(Data entries)

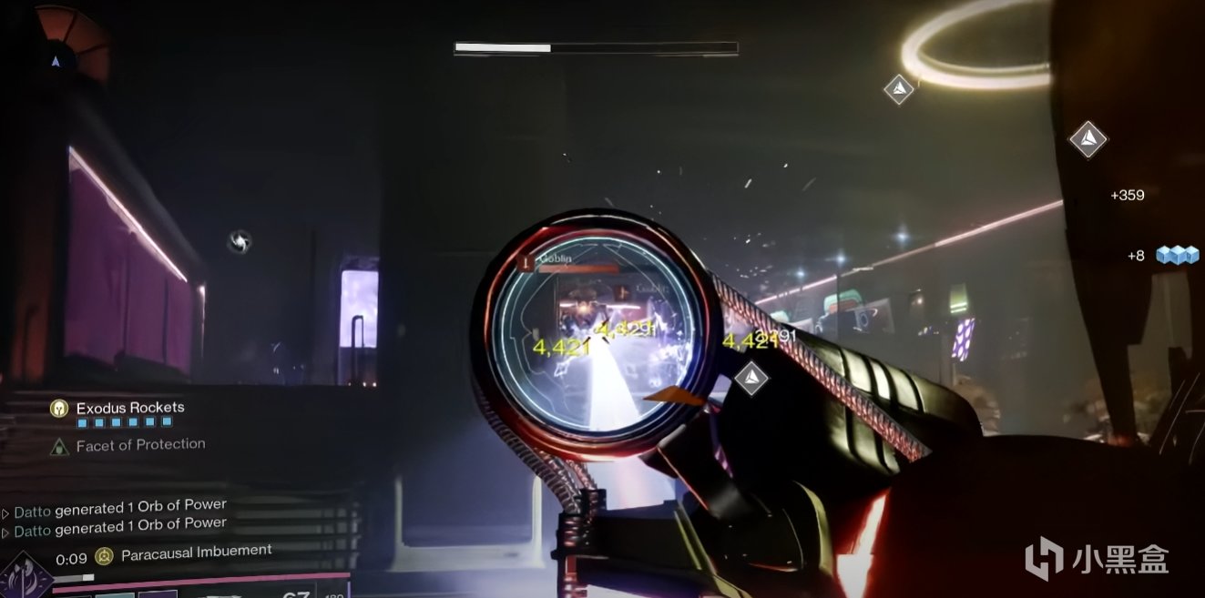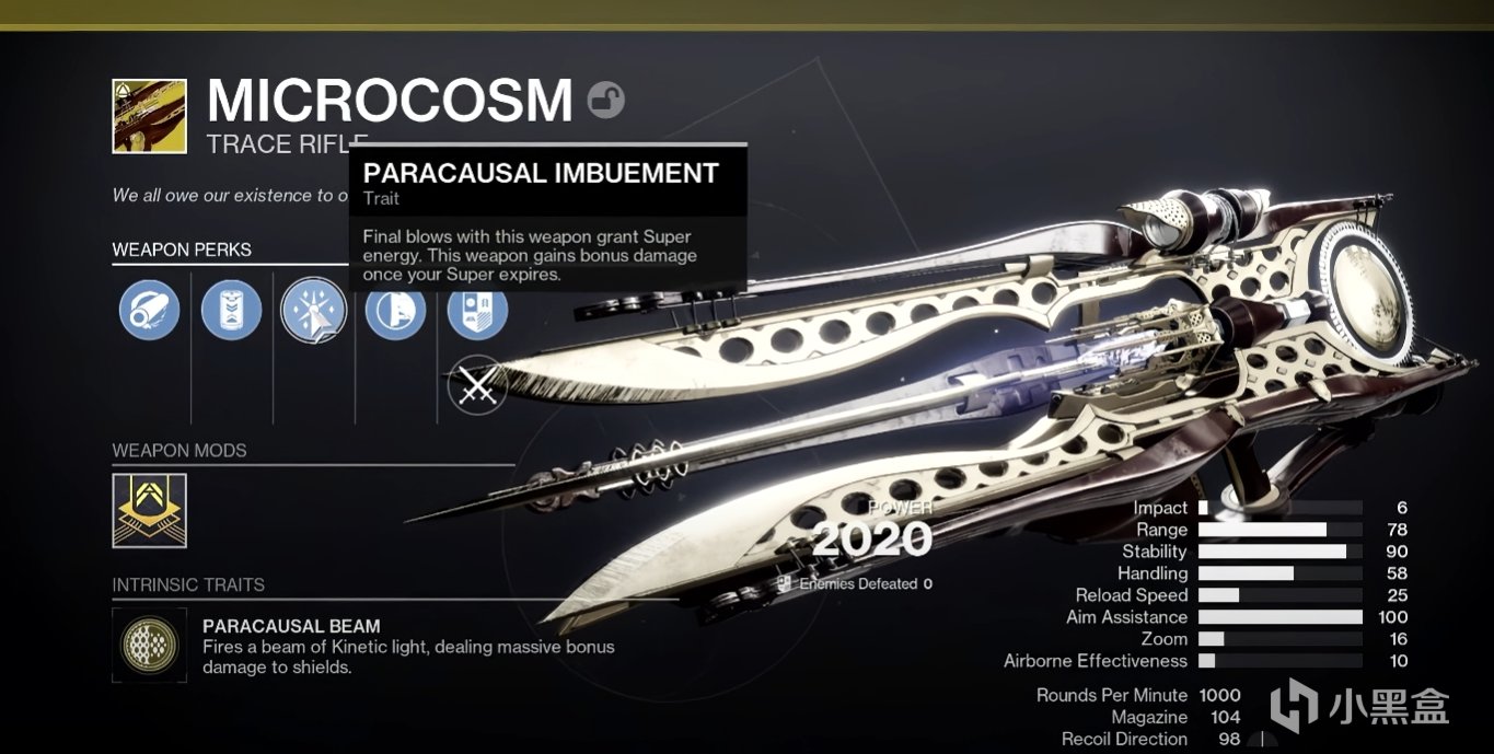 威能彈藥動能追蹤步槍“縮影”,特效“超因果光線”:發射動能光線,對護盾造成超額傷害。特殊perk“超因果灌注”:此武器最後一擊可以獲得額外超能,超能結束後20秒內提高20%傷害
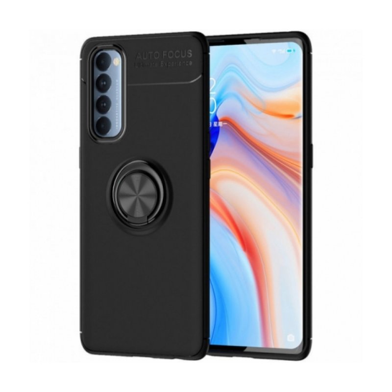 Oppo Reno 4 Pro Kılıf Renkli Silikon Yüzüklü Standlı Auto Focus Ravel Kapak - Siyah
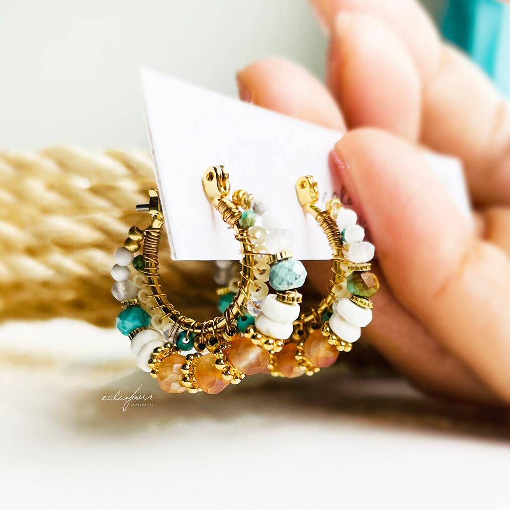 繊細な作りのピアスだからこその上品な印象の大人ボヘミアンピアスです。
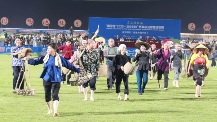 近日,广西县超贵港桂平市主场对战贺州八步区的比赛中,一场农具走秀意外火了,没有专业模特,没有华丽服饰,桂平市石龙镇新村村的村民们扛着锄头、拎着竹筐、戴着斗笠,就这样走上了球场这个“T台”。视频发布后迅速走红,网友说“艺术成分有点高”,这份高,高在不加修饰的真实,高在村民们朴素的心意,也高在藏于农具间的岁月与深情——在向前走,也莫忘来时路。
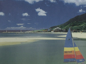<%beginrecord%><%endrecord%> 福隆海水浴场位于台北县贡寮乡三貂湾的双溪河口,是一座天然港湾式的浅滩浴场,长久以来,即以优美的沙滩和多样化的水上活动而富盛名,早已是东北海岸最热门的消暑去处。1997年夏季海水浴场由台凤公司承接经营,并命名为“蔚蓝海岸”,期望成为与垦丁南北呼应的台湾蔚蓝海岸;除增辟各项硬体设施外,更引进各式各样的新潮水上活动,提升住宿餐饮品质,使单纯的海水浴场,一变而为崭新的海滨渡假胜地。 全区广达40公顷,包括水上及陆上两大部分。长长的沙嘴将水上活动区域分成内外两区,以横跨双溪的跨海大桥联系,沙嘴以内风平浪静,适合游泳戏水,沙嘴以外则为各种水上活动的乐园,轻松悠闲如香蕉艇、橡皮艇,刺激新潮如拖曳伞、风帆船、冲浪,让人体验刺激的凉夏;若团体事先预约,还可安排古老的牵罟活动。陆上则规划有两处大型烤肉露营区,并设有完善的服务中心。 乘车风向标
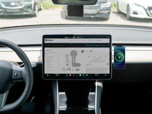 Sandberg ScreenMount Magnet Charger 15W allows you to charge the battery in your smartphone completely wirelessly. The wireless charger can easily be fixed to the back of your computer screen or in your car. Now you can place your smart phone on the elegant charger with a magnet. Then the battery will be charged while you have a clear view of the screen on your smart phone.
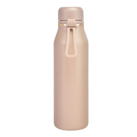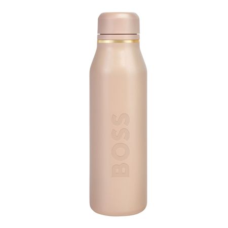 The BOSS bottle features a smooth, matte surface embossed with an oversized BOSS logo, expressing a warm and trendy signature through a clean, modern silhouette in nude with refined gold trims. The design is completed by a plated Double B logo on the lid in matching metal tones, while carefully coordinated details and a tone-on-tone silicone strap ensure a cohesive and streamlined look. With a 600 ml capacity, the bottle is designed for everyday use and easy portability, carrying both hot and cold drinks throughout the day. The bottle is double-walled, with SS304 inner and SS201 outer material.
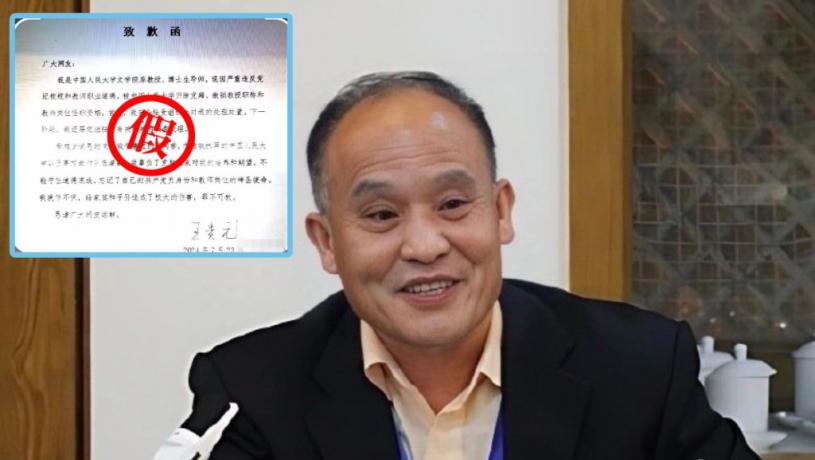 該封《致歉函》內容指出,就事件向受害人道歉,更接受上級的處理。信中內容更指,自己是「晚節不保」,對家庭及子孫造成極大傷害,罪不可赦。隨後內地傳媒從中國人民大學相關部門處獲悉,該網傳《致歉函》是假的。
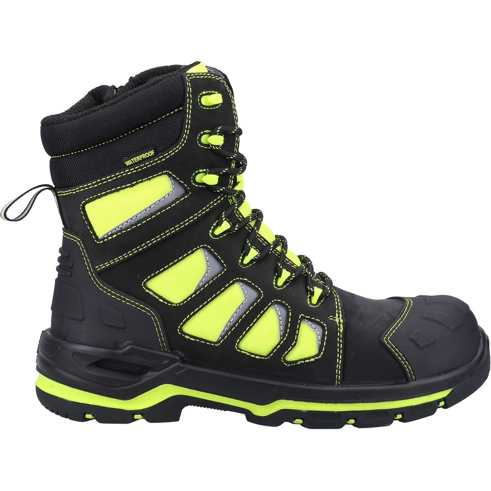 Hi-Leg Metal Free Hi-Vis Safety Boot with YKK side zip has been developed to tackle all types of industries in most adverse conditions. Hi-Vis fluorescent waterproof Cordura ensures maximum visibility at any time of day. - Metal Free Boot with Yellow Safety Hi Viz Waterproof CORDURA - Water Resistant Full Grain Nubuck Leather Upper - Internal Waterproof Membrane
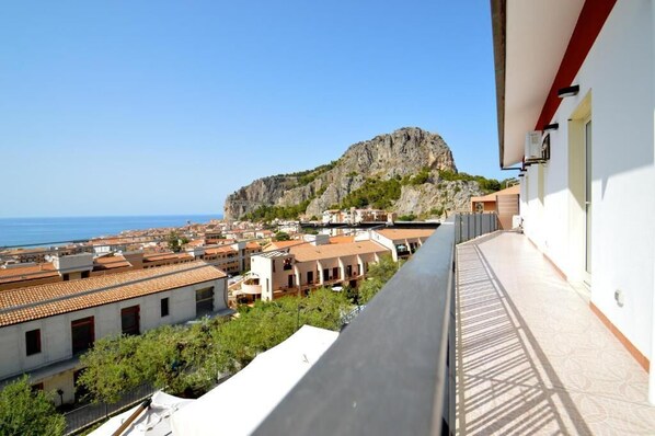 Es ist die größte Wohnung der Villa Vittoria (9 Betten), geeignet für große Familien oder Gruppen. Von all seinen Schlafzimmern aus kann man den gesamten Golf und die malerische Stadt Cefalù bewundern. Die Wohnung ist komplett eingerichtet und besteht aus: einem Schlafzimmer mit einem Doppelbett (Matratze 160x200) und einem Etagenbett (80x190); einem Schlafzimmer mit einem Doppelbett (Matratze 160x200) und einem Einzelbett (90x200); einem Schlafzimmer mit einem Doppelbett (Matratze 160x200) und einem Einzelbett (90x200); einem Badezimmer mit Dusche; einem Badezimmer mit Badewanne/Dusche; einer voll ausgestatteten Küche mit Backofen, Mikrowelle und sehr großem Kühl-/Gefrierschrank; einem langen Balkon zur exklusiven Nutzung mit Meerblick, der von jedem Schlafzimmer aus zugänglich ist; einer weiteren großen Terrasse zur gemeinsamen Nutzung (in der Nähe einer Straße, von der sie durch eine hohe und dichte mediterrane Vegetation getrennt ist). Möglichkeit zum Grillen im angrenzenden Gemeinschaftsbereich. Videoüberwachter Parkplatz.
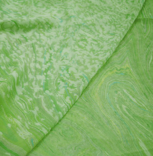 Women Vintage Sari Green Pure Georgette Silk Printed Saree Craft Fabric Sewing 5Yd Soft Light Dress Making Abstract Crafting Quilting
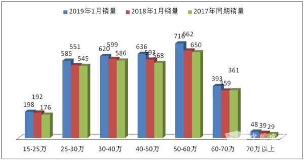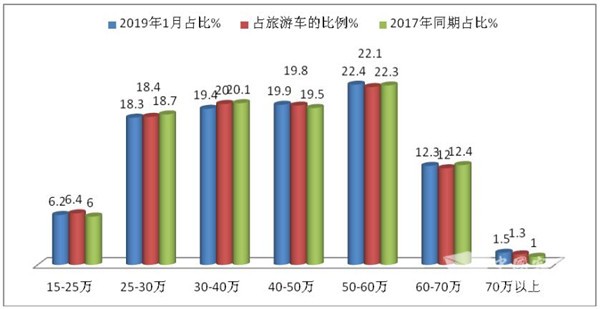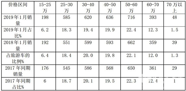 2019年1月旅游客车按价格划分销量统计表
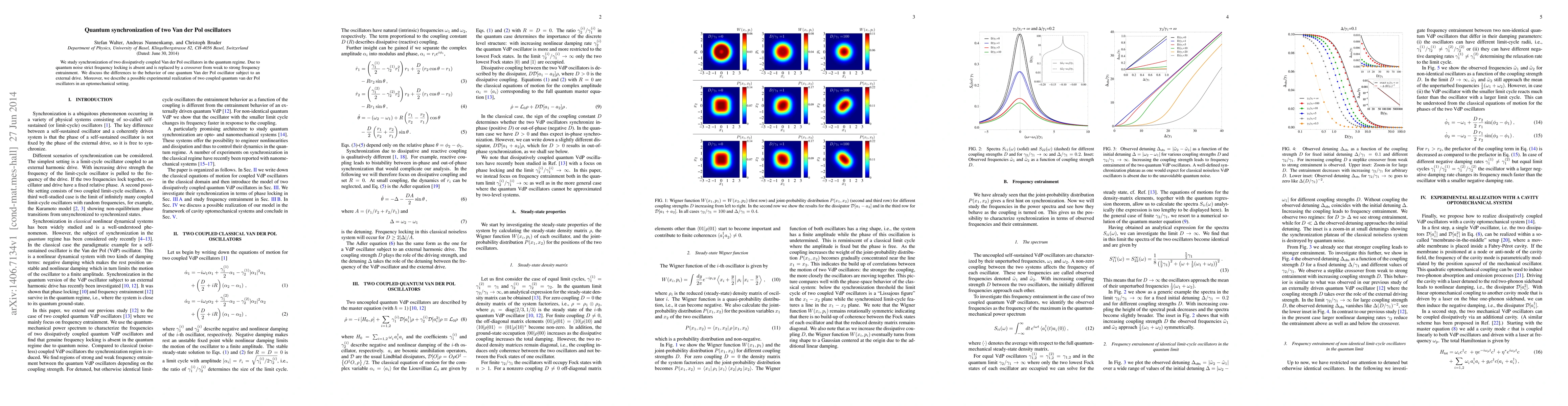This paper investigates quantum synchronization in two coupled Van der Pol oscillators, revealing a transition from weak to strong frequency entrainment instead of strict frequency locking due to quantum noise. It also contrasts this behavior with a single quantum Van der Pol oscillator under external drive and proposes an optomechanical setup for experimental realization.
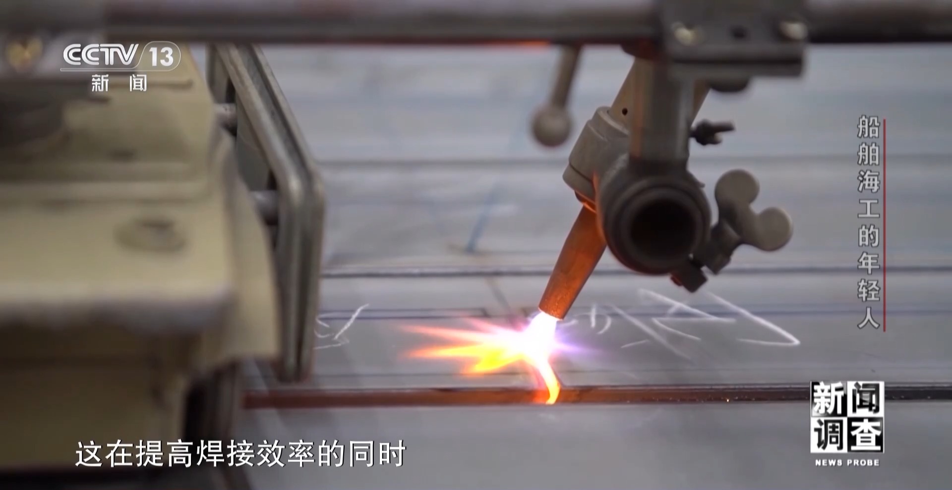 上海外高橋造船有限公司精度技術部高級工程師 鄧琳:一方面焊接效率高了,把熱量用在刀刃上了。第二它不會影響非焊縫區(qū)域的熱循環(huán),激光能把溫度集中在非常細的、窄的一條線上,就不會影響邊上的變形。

■ **Exercise prompt**:
Although pictures appear among the records above, none are to be output; print exactly the lines from the line containing "繊細な作りのピアスだからこその上品な印象の大人ボヘミアンピアスです。" through the line containing "The BOSS bottle".

■ **Task solution**:
 繊細な作りのピアスだからこその上品な印象の大人ボヘミアンピアスです。
 近日,广西县超贵港桂平市主场对战贺州八步区的比赛中,一场农具走秀意外火了,没有专业模特,没有华丽服饰,桂平市石龙镇新村村的村民们扛着锄头、拎着竹筐、戴着斗笠,就这样走上了球场这个“T台”。视频发布后迅速走红,网友说“艺术成分有点高”,这份高,高在不加修饰的真实,高在村民们朴素的心意,也高在藏于农具间的岁月与深情——在向前走,也莫忘来时路。
<%beginrecord%><%endrecord%> 福隆海水浴场位于台北县贡寮乡三貂湾的双溪河口,是一座天然港湾式的浅滩浴场,长久以来,即以优美的沙滩和多样化的水上活动而富盛名,早已是东北海岸最热门的消暑去处。1997年夏季海水浴场由台凤公司承接经营,并命名为“蔚蓝海岸”,期望成为与垦丁南北呼应的台湾蔚蓝海岸;除增辟各项硬体设施外,更引进各式各样的新潮水上活动,提升住宿餐饮品质,使单纯的海水浴场,一变而为崭新的海滨渡假胜地。 全区广达40公顷,包括水上及陆上两大部分。长长的沙嘴将水上活动区域分成内外两区,以横跨双溪的跨海大桥联系,沙嘴以内风平浪静,适合游泳戏水,沙嘴以外则为各种水上活动的乐园,轻松悠闲如香蕉艇、橡皮艇,刺激新潮如拖曳伞、风帆船、冲浪,让人体验刺激的凉夏;若团体事先预约,还可安排古老的牵罟活动。陆上则规划有两处大型烤肉露营区,并设有完善的服务中心。 乘车风向标
 Sandberg ScreenMount Magnet Charger 15W allows you to charge the battery in your smartphone completely wirelessly. The wireless charger can easily be fixed to the back of your computer screen or in your car. Now you can place your smart phone on the elegant charger with a magnet. Then the battery will be charged while you have a clear view of the screen on your smart phone.
 The BOSS bottle features a smooth, matte surface embossed with an oversized BOSS logo, expressing a warm and trendy signature through a clean, modern silhouette in nude with refined gold trims. The design is completed by a plated Double B logo on the lid in matching metal tones, while carefully coordinated details and a tone-on-tone silicone strap ensure a cohesive and streamlined look. With a 600 ml capacity, the bottle is designed for everyday use and easy portability, carrying both hot and cold drinks throughout the day. The bottle is double-walled, with SS304 inner and SS201 outer material.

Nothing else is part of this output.